Преимуществом театра я называю живое взаимодействие актера со зрителем, их сотворчество. Я считаю непобедимым театр, говорящий взволнованным сердцем актера о нашем замечательном человеке. Не дай бог нам в погоне за оснащенностью, массовостью искусства упустить достоинства, присущие только театру, — живую взаимосвязь актера со зрителем и импровизационность сценического творчества. {48} Не следует ни при каких обстоятельствах недооценивать живые модуляции актерского сердца, и не к лицу нам завидовать ни «представляльщикам» западного театра, ни кинематографу, идеально фиксирующему однажды сделанную актерскую работу. Это не наша дорога живого театра.

Ни одной минуты я не собираюсь защищать допотопную театральную технику. Конечно, ее надо выравнивать, связывая с современным техническим прогрессом. Но не в этом выход из тяжелого положения, в которое может попасть наш театр. Рост народных театров и кино позволяет, может быть, несколько сократить сеть профессиональных театров, но зато создать им условия для художественно совершенной работы.

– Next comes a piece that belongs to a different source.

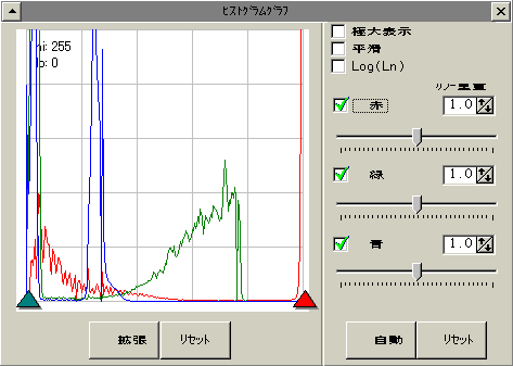 Registaxでヒストグラムを表示させると、こんな状態です。

Выход один: сценическое искусство должно развиваться вглубь, а не вширь. Это не значит, что не будут меняться выразительные средства нашего искусства, но оно никогда не перестанет разговаривать о современном ему человеке, о его жизни, быте, внутреннем мире, его психологии. Лишь на этом пути — возможность бесконечных открытий. Главное в театре — актер-человек, и только здесь перспективы безграничны.

 

Мне кажется, что толчея на месте возникает в нашем театре там, где неумело и недостаточно серьезно берутся за освоение системы К. С. Станиславского, имея о ней одностороннее и поверхностное понятие. Как это ни парадоксально, но освоение творческого наследия Станиславского подчас происходит вне его главного и основного тезиса. Этот тезис — раскрытие «жизни человеческого духа». Элементарное освоение системы приводит к обеднению внутреннего мира тех людей, которых мы показываем на сцене.

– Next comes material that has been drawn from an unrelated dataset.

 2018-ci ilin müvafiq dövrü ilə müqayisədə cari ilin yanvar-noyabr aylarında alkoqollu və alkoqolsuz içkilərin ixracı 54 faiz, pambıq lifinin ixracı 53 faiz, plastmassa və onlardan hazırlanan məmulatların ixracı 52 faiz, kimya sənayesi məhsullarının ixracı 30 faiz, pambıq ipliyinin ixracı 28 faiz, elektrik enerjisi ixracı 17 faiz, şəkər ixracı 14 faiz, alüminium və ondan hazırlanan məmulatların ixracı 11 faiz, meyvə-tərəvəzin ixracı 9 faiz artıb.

Плодом вульгаризации системы и являются разговоры о том, что следование учению Станиславского породило скуку и серость в наших театрах. Вместо живого искусства преподносят болтовню о системе и этим только дискредитируют Станиславского. Высказывания Станиславского и Немировича-Данченко сплошь и рядом бубнят, как молитву. Отсюда идет эпидемия цитатничества. Мысли наших учителей мы часто повторяем творчески непереваренными. Когда же они становятся, по существу, нашими мыслями, тогда для них находятся и собственные слова. А цитаты если и нужны, то только как наиточнейшие выводы.

Говорят, что защитники наследия Станиславского создали искусственную преграду между театром представления и {49} театром переживания. Говорят, что в жизни эти две школы великолепно уживаются в одном и том же актере, в одном и том же театре. Но дело в том, что, хотя Станиславский никогда не смешивал эти два направления, являющиеся идеалами для двух различных школ в сценическом искусстве, он и не утверждал, что театр переживания возможен в чистом виде, без единой примеси. Кроме того, великий реалист Станиславский говорил о другом, и ему было важно другое, а именно перевоплощение актера в образ на основе переживания. Поэтому разговоры о театре переживания и театре представления в значительной мере схоластичны, если они оторваны от эмоциональной и образной природы нашего искусства.

Необходимо заострить внимание на двух моментах вышеприведенной формулы Станиславского — на перевоплощении артиста в образ, то есть на образном начале в его творчестве, и на переживании артиста на сцене, делающем его искусство взволнованным, заразительным, неповторимо импровизационным в своей основе.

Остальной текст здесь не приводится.